→ Action item: Could you return all of the entries word for word, minus any pictures?

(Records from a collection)
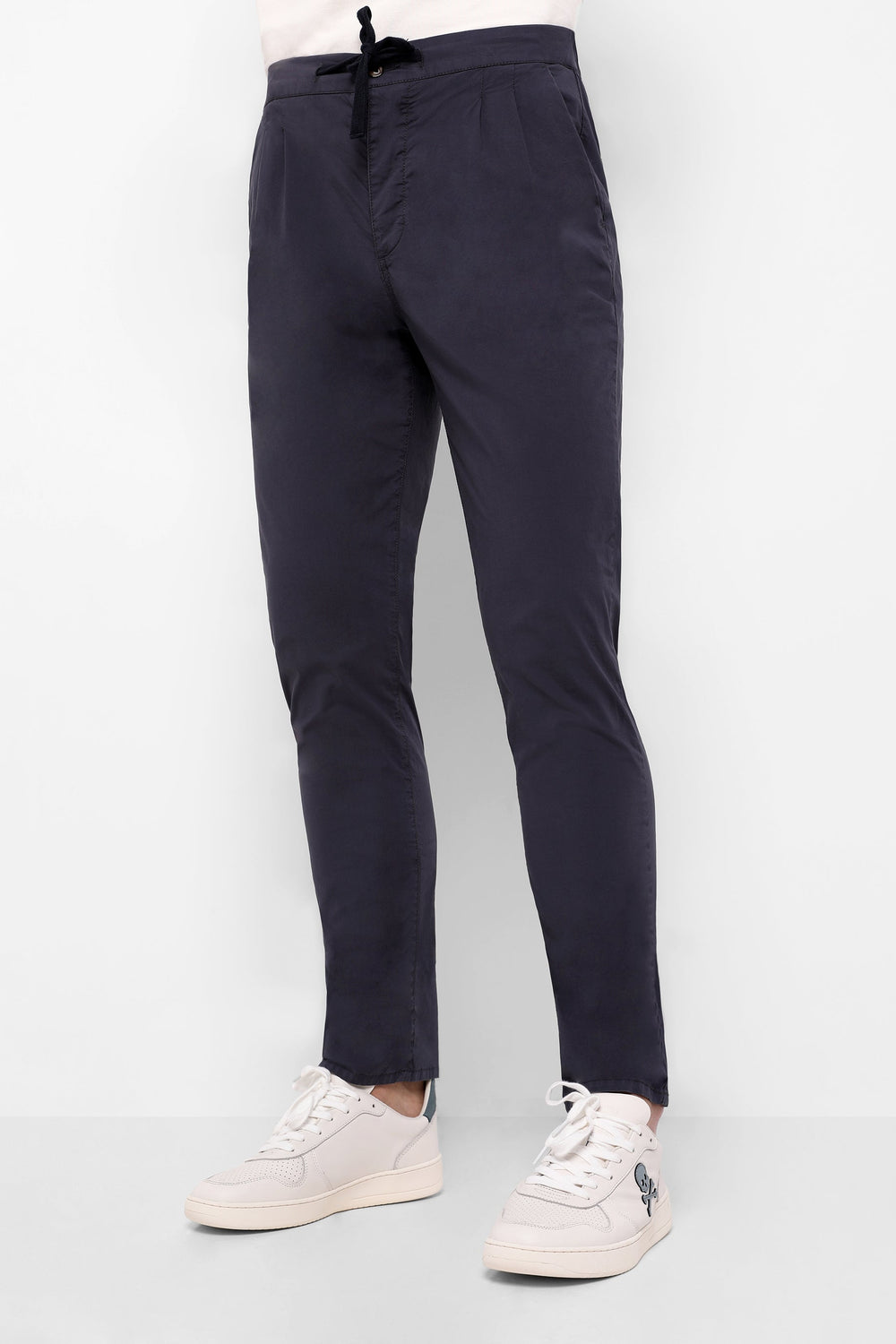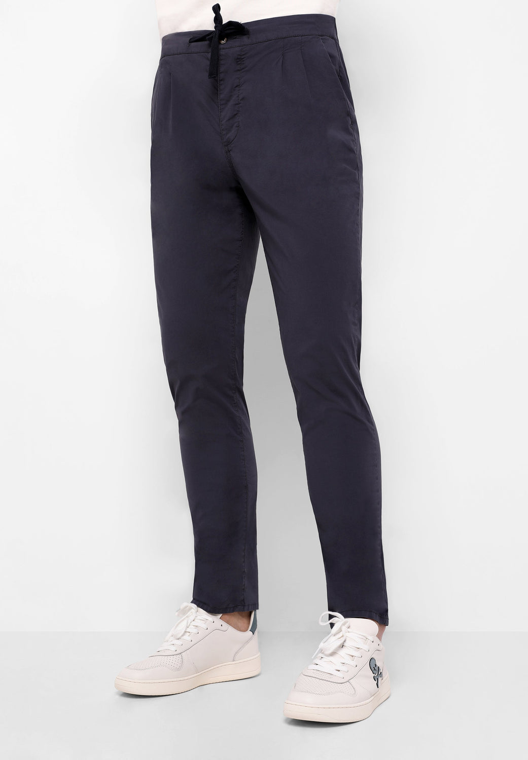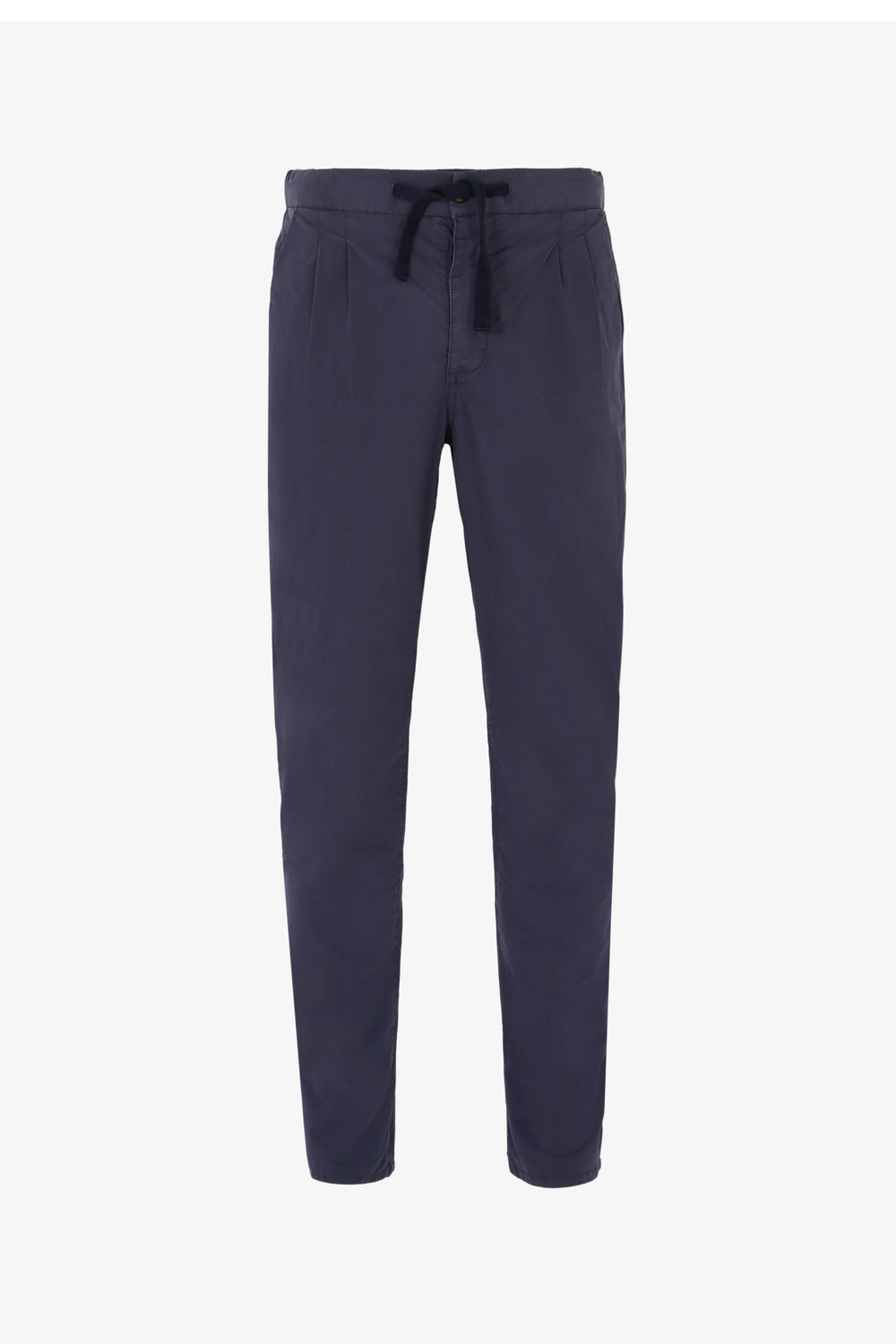 Pantalón confeccionado en tejido de algodón ligeramente elástico. Corte Regular Fit con pinzas, cierre con botón, cremallera y lazada. Bolsillos laterales.
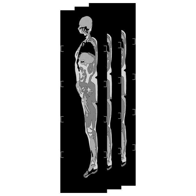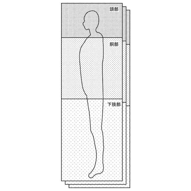 図7は、アキシャル面の全身スライス画像に基づいて設定されたサジタル面の全身スライス画像における大まかな人体区分を示す模式図である。
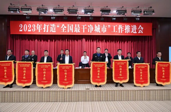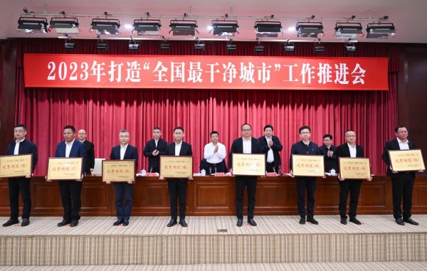 会议对2022年度打造“全国最干净城市”工作优秀街道(镇)和城市精细化管理“红榜”单位进行表扬和授奖,向各板块下达今年城市精细化管理工作目标任务书。
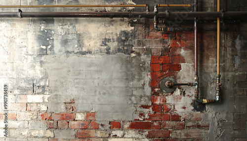 A textured wall with exposed bricks, metal pipes, and raw concrete, offering a modern, urban, and gritty aesthetic
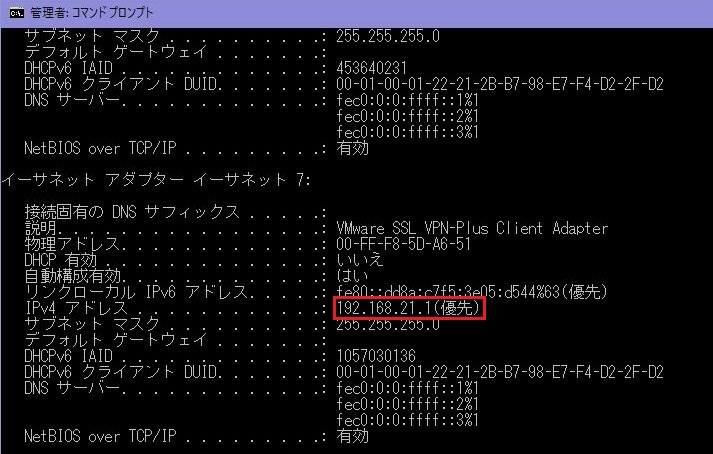 「ipconfig /all」コマンドでIPアドレスを確認します。
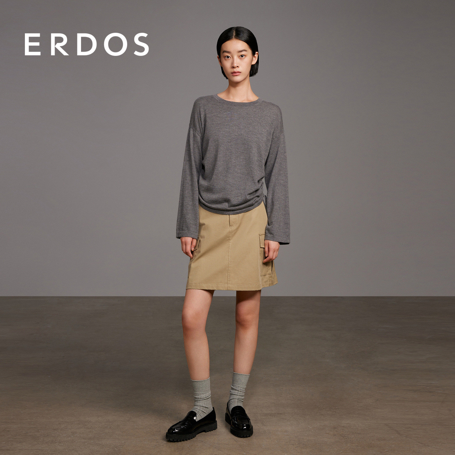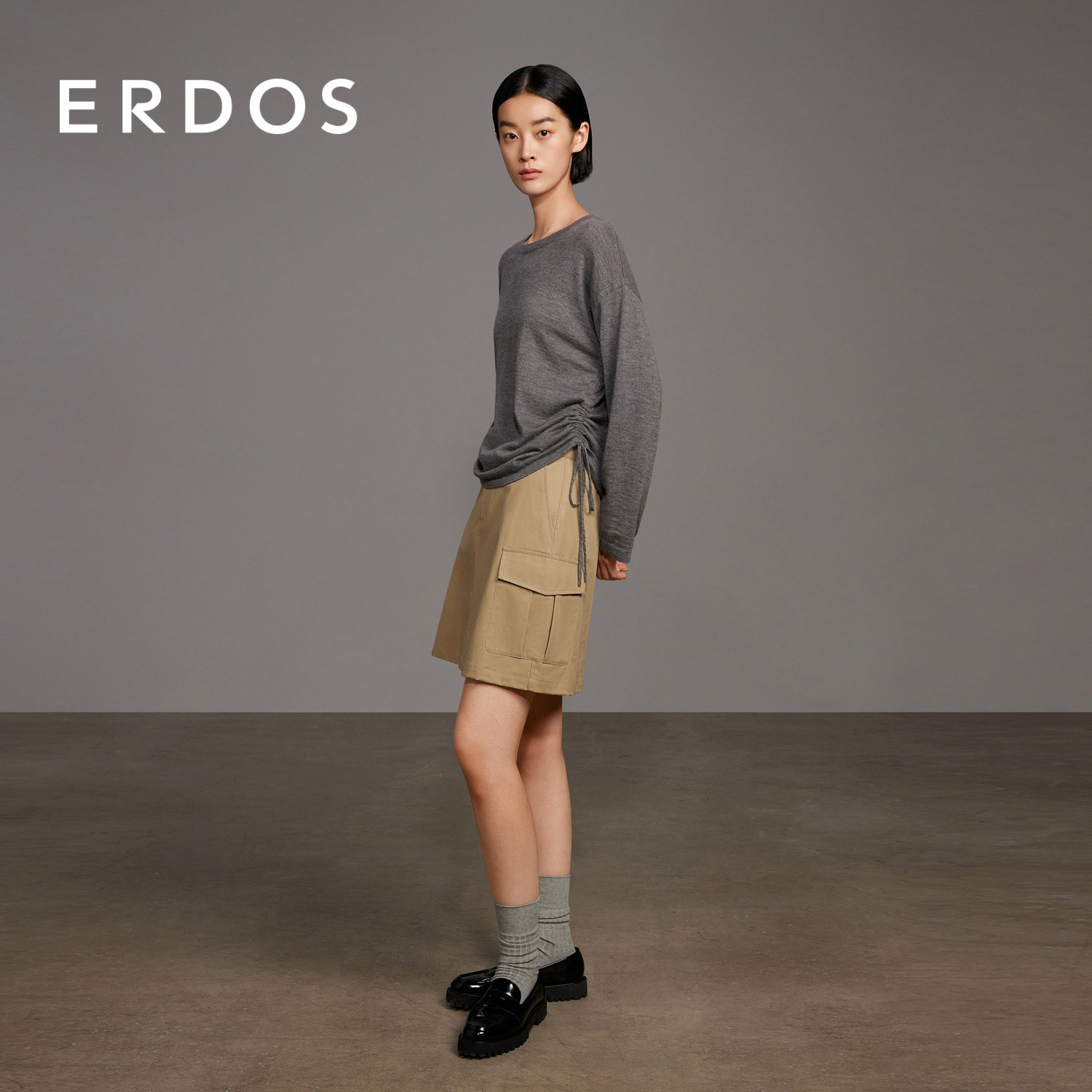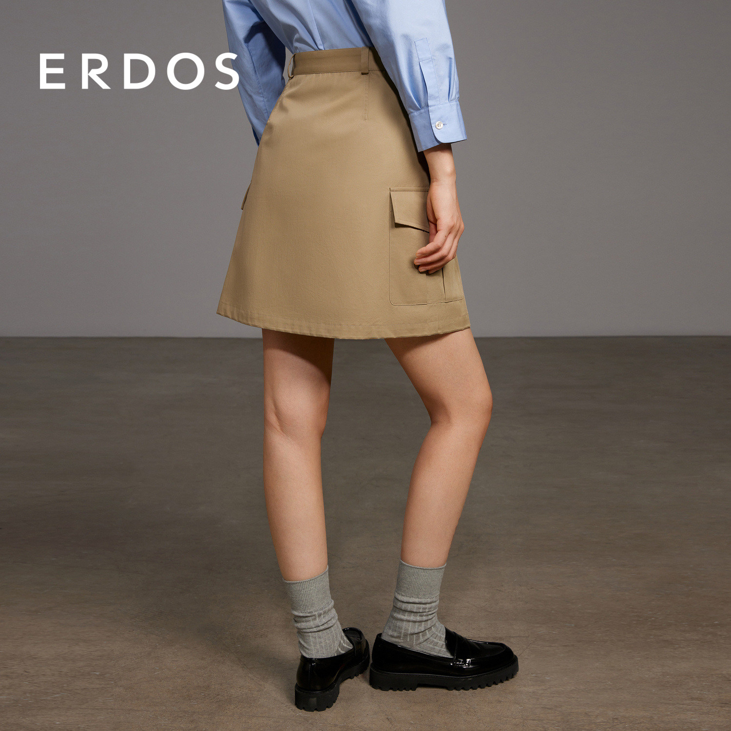ERDOS 纯棉休闲A字半身裙女春华达呢工装风高腰迷你短裙
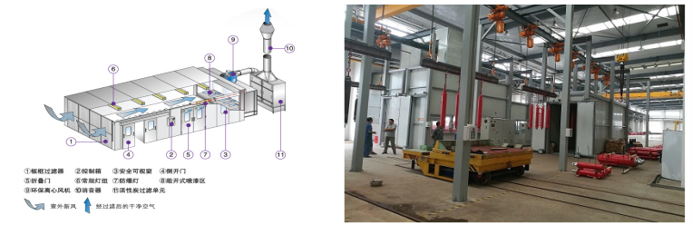 干式噴漆室是在噴漆房格柵下方設置干式過噴涂料分離系統。
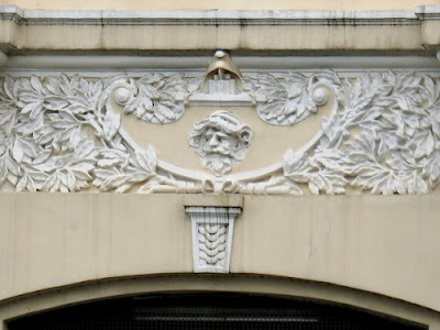 Cụm phù điêu chính trên vòm cửa Bưu điện Thành phố là đầu thần Mercury (Hermes) với mũ có đôi cánh – trong thần thoại Hi Lạp là vị thần đưa tin, biên giới và di chuyển, của đường sá, truyền thông, thần của du khách, và cũng là thần thương mại. Trang trí đầu thần Mercury, một bên là nhành nguyệt quế biểu tượng vinh quang và chiến thắng, bên kia là nhành sồi biểu tượng cho nghị lực, bền vững và cao quý.
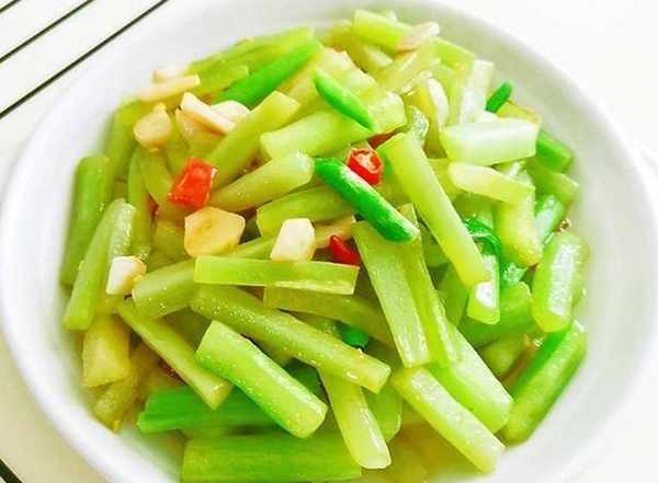 嫩萵筍適量、大蒜頭適量、米椒適量、蒜苗適量、油適量、雞精適量、蠔油適量。
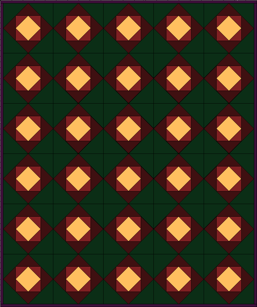 This is my mock-up of what it could be.  Nine-inch blocks.  Elegant in its simplicity.  But it will be richer looking with all those different fabrics shown above.
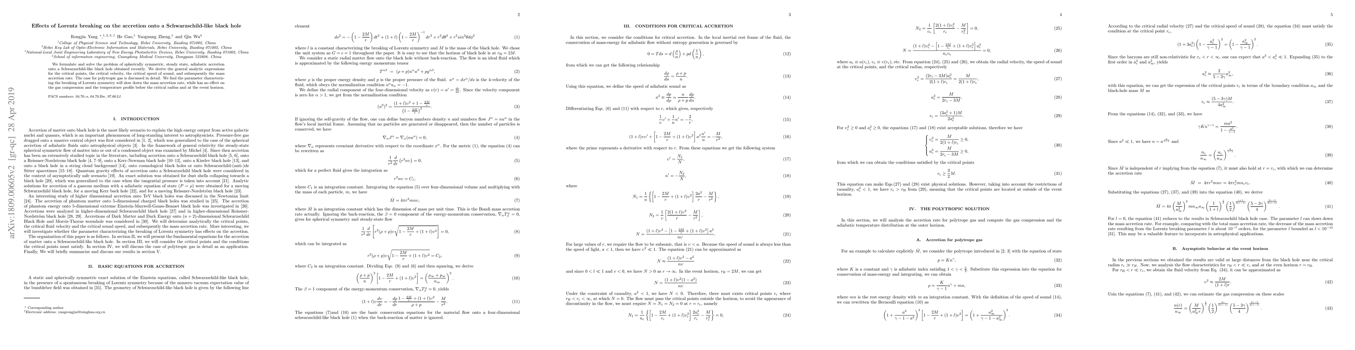 This paper investigates the impact of Lorentz symmetry breaking on the accretion process onto a Schwarzschild-like black hole, deriving analytic expressions for critical points and mass accretion rate. It finds that Lorentz symmetry breaking reduces the accretion rate but does not affect gas compression or temperature profiles below the critical radius and at the event horizon.
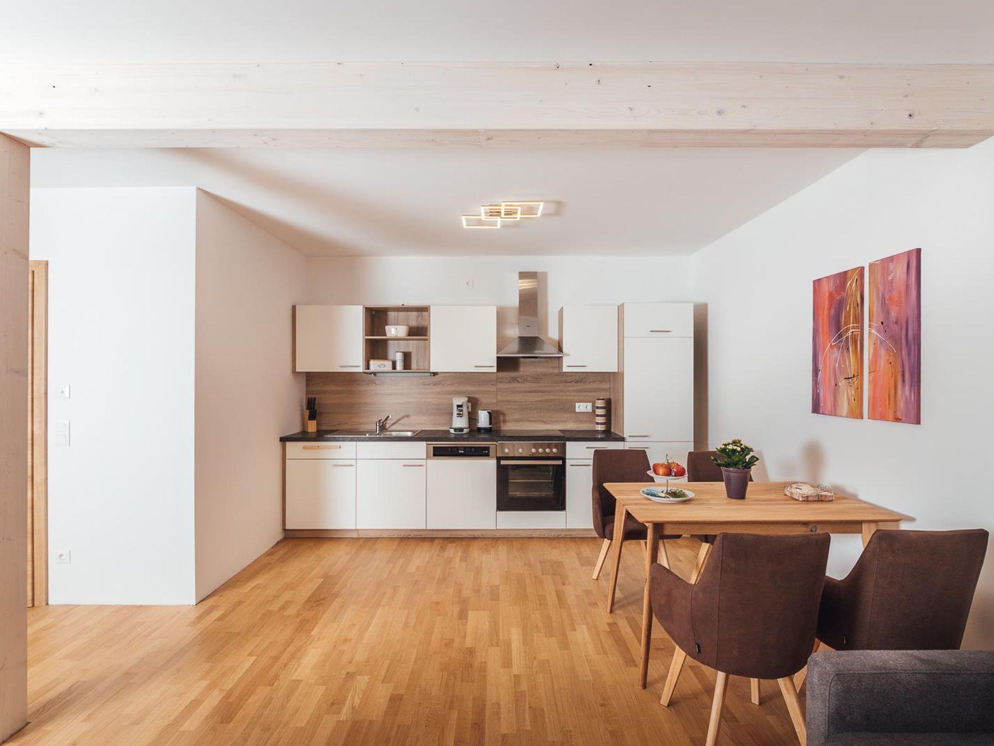 Modern eingerichtetes Appartement für 2 bis 4 Personen, Wohnzimmer mit Schlafcouch, Schlafzimmer, Badezimmer und Küchenzeile
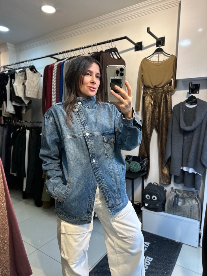 Düğmeli ön kısmı, uzun kollu, yüksek yakalı, bol kesim kot ceket. Gri-mavi ceket, sokak stili ve günlük kullanım için uygundur. Orijinaldir ithal üründür Marka temsilidir
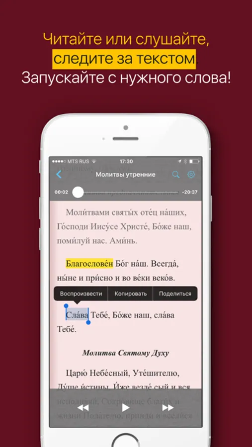 ・Воспроизведение с выбранного слова при помощи долгого касания;
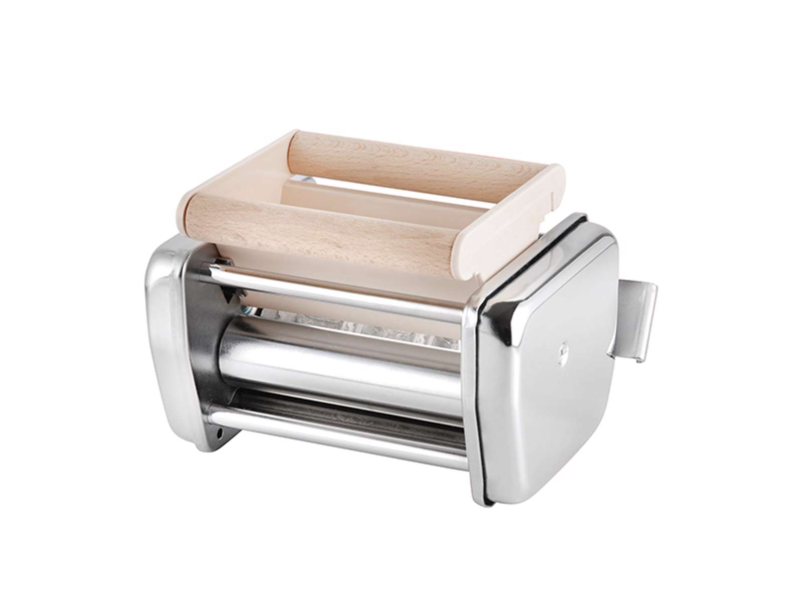 El accesorio para ravioli está fabricado específicamente para la máquina de pasta Imperia modelo SP150 y tiene un ancho de 44 mm. La construcción en acero inoxidable garantiza una larga durabilidad y una fácil limpieza, mientras que los componentes de madera ofrecen un agarre cómodo durante su uso. Cada ravioli tiene unas medidas de 5×5 cm, que es un tamaño clásico que permite un contenido generoso manteniendo la integridad de la pasta durante la cocción.
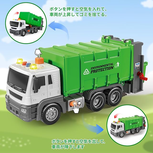 【素敵なゴミ収集車のおもちゃ】本物のゴミ収集車の造形を模倣し、ワンクリックで空気を入れて空気を放出して車両の昇降を制御し、子供たちは長い間遊んでいて飽きないです。 ふり遊びや楽しみを楽しむ子供たちにとって素晴らしいプレゼントです。それらを使って、親子の相互作用を促進できます。6歳以上の子供に適しています。
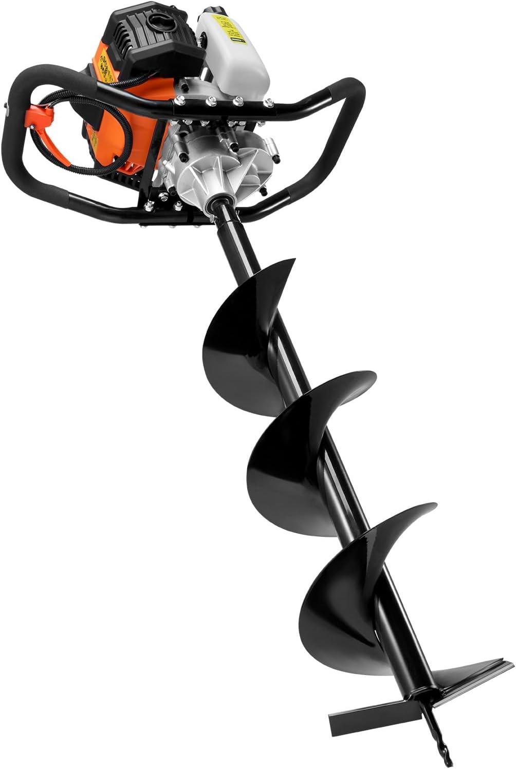 VEVOR Post Hole Digger, Gas Powered 52CC 1450W Earth Auger, 8′ Drill Bit & 1 Ext Rod, Farm/ Garden Post Hole Digger, EPA Certified(52CC+8″)

→ Reply to the exercise:
 Pantalón confeccionado en tejido de algodón ligeramente elástico. Corte Regular Fit con pinzas, cierre con botón, cremallera y lazada. Bolsillos laterales.
 図7は、アキシャル面の全身スライス画像に基づいて設定されたサジタル面の全身スライス画像における大まかな人体区分を示す模式図である。
 会议对2022年度打造“全国最干净城市”工作优秀街道(镇)和城市精细化管理“红榜”单位进行表扬和授奖,向各板块下达今年城市精细化管理工作目标任务书。
 A textured wall with exposed bricks, metal pipes, and raw concrete, offering a modern, urban, and gritty aesthetic
 「ipconfig /all」コマンドでIPアドレスを確認します。
ERDOS 纯棉休闲A字半身裙女春华达呢工装风高腰迷你短裙
 干式噴漆室是在噴漆房格柵下方設置干式過噴涂料分離系統。
 Cụm phù điêu chính trên vòm cửa Bưu điện Thành phố là đầu thần Mercury (Hermes) với mũ có đôi cánh – trong thần thoại Hi Lạp là vị thần đưa tin, biên giới và di chuyển, của đường sá, truyền thông, thần của du khách, và cũng là thần thương mại. Trang trí đầu thần Mercury, một bên là nhành nguyệt quế biểu tượng vinh quang và chiến thắng, bên kia là nhành sồi biểu tượng cho nghị lực, bền vững và cao quý.
 嫩萵筍適量、大蒜頭適量、米椒適量、蒜苗適量、油適量、雞精適量、蠔油適量。
 This is my mock-up of what it could be.  Nine-inch blocks.  Elegant in its simplicity.  But it will be richer looking with all those different fabrics shown above.
 This paper investigates the impact of Lorentz symmetry breaking on the accretion process onto a Schwarzschild-like black hole, deriving analytic expressions for critical points and mass accretion rate. It finds that Lorentz symmetry breaking reduces the accretion rate but does not affect gas compression or temperature profiles below the critical radius and at the event horizon.
 Modern eingerichtetes Appartement für 2 bis 4 Personen, Wohnzimmer mit Schlafcouch, Schlafzimmer, Badezimmer und Küchenzeile
 Düğmeli ön kısmı, uzun kollu, yüksek yakalı, bol kesim kot ceket. Gri-mavi ceket, sokak stili ve günlük kullanım için uygundur. Orijinaldir ithal üründür Marka temsilidir
 ・Воспроизведение с выбранного слова при помощи долгого касания;
 El accesorio para ravioli está fabricado específicamente para la máquina de pasta Imperia modelo SP150 y tiene un ancho de 44 mm. La construcción en acero inoxidable garantiza una larga durabilidad y una fácil limpieza, mientras que los componentes de madera ofrecen un agarre cómodo durante su uso. Cada ravioli tiene unas medidas de 5×5 cm, que es un tamaño clásico que permite un contenido generoso manteniendo la integridad de la pasta durante la cocción.
 【素敵なゴミ収集車のおもちゃ】本物のゴミ収集車の造形を模倣し、ワンクリックで空気を入れて空気を放出して車両の昇降を制御し、子供たちは長い間遊んでいて飽きないです。 ふり遊びや楽しみを楽しむ子供たちにとって素晴らしいプレゼントです。それらを使って、親子の相互作用を促進できます。6歳以上の子供に適しています。
 VEVOR Post Hole Digger, Gas Powered 52CC 1450W Earth Auger, 8′ Drill Bit & 1 Ext Rod, Farm/ Garden Post Hole Digger, EPA Certified(52CC+8″)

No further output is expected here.